Chat bot for a Global Logistics Giant, 2018
Designed voice & text featured chat bot for automating routine tasks of technical support
team using reinforcement learning. Achieved strategic cost cutting of resources by 2-3 times by
deploying ML and NLP based production ready chat bot. Increased efficiency of technical tasks with
chat bot by 30 times versus performing these tasks manually by support engineers. Strategic reduction
in number of client incident tickets by 10 percent after chat bot deployment.
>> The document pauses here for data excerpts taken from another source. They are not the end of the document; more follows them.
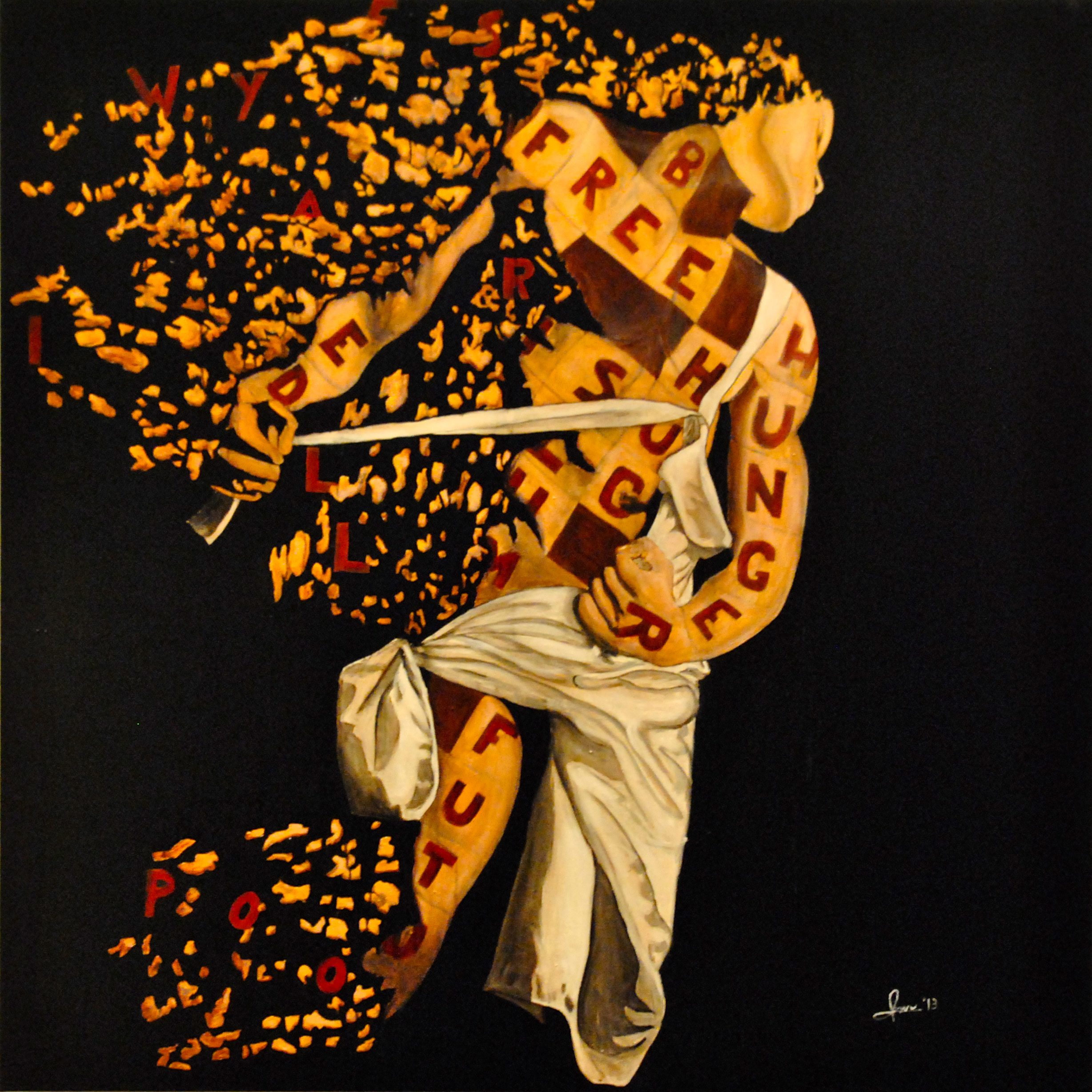 L’opera cerca il compendio tra lo sgretolamento dell’uomo con passare del tempo e il testo che riporta le parole che esplicano quello che ci aspetta se non cambiamo qualcosa.Le parole compongono il seguente testo: ”YES BE FREE it’s FABLED, but with the HUG of the SLUMP in the FUTURE will be WAR, HUNGER, POOR”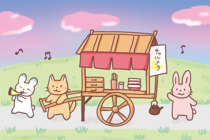 日が沈んだら開店だよ。食べに来てね😊 #イラスト #ゆるい絵 #ゆるいイラスト #チャルメラの日
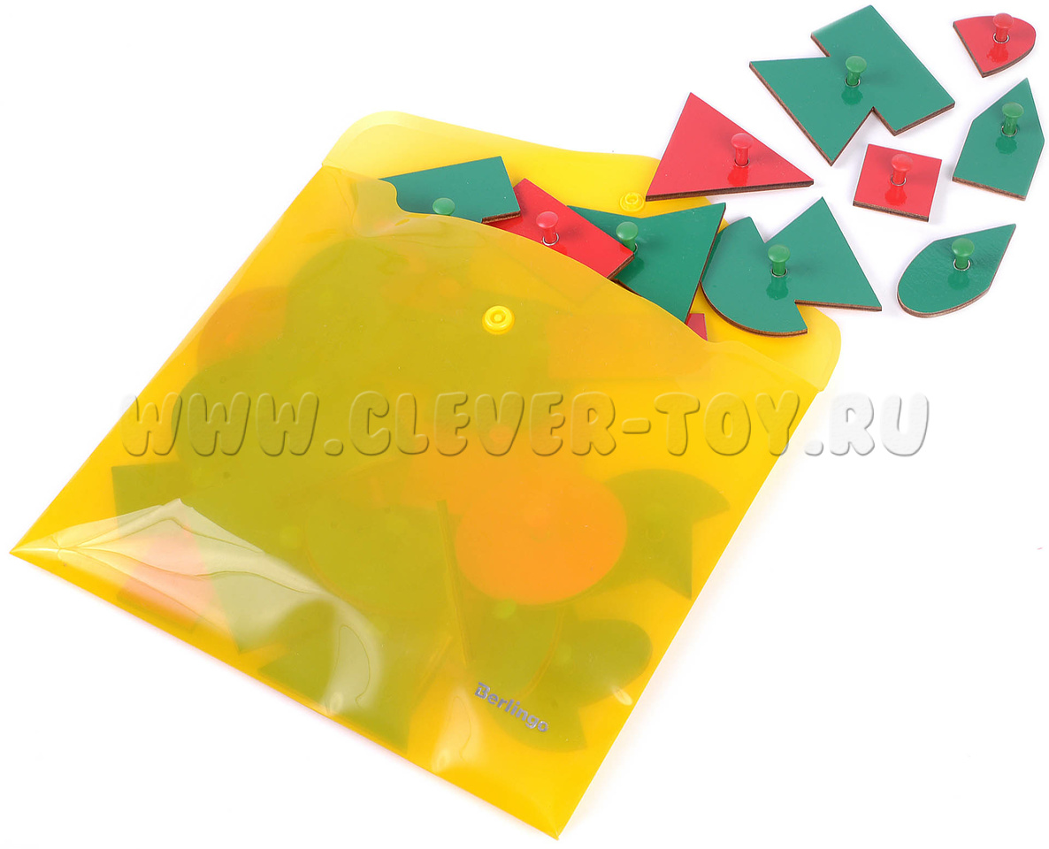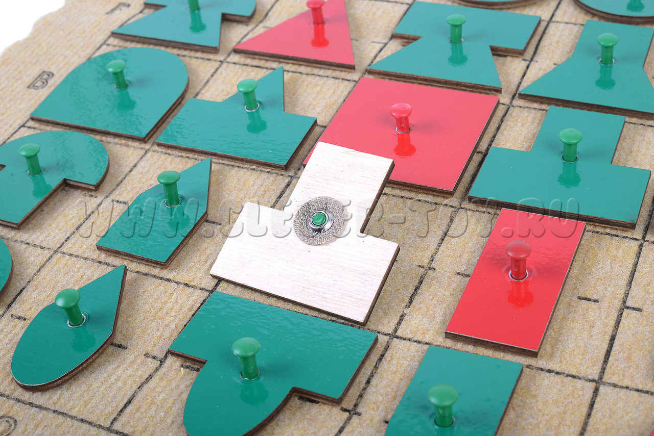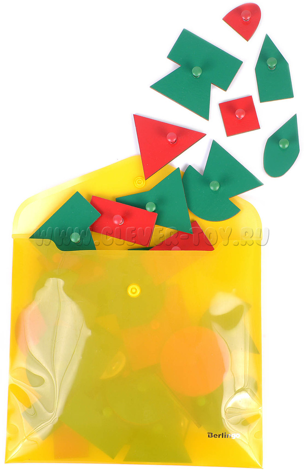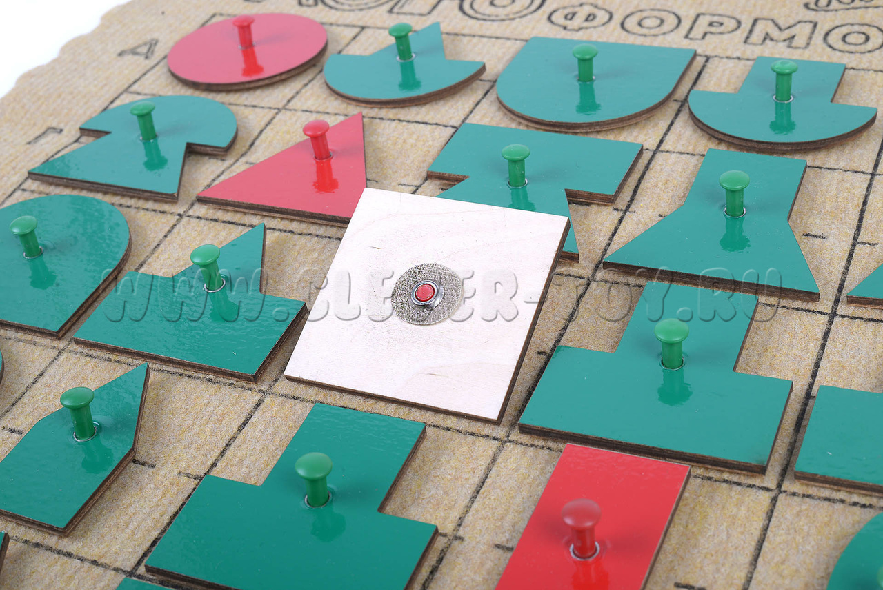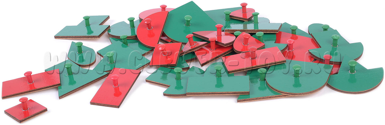 • эталонные фигуры с держателями – красного цвета – 5 шт., составные фигуры зелёного цвета – 20 шт., половинки эталонных фигур красного цвета – 10 шт.;

Customer centric UI,
machine learning and NLP capabilities of chatbot has made easier for non-technical user to access
business reports or other logistics related information. Facilitated customer with provision to expedite
the shipment delivery to arrive early, if it is delayed. Trained Decision tress to predict the delayed
shipments with 90 percent accuracy and proposed alternative MOT’s (Mode of transport) and LSP’s
(Carrier) to expedite the shipment.
HP Logistics, 2017
Technologies: Spark, Hadoop, kafka, spring boot, SQL, Java, Scala, AWS Redshift, AWS S3,
R, machine learning. Designed spark job using scala api to load json files from FTP server into RDD
and pushing the json record to kafka topic. Designed spark jobs to load streaming data from kafka
topic into RDD and applied some transformations to achieve desired business outcomes and storing it
back into Redshift to further layers of processing.
ARIMA & LSTM time series models for S&P 500 data,
Designed ARIMA & LSTM models to forecast the closing price and compared the
performance of ARIMA and LSTM models based on RMSE metric. Applied gaussian filtering
approach to smooth the dataset which resulted in improved performance of models. The Gaussian
filtered predictions reduced the RMSE by close to 100%. Average RMSEs for Gaussian filtered data,
ARIMA: 10.98 & LSTM: 12.22
Digit Recognizer, Image recognition using CNN,
Developed CNN based deep learning model to detect the digits out of images with an
improved accuracy of 0.98 with Kaggle rank of top 42%.
Sentimental analysis – IMDB movie reviews using BERT NLP,
Predicting the sentiments of IMDB movie reviews as Positive, Negative, Neutral using BERT
pre-trained model with tensor-flow as backend. Achieved overall accuracy and AUC score 0.86.
Crypto currencies price prediction,
Developed deep learning model to predict Bitcoin and Ethereum market prices using LSTM
model. Trained LSTM model of 20 neurons, 8 features with 50 epochs and Linear as activation
function. Achieved MAE of 0.04 with LSTM model.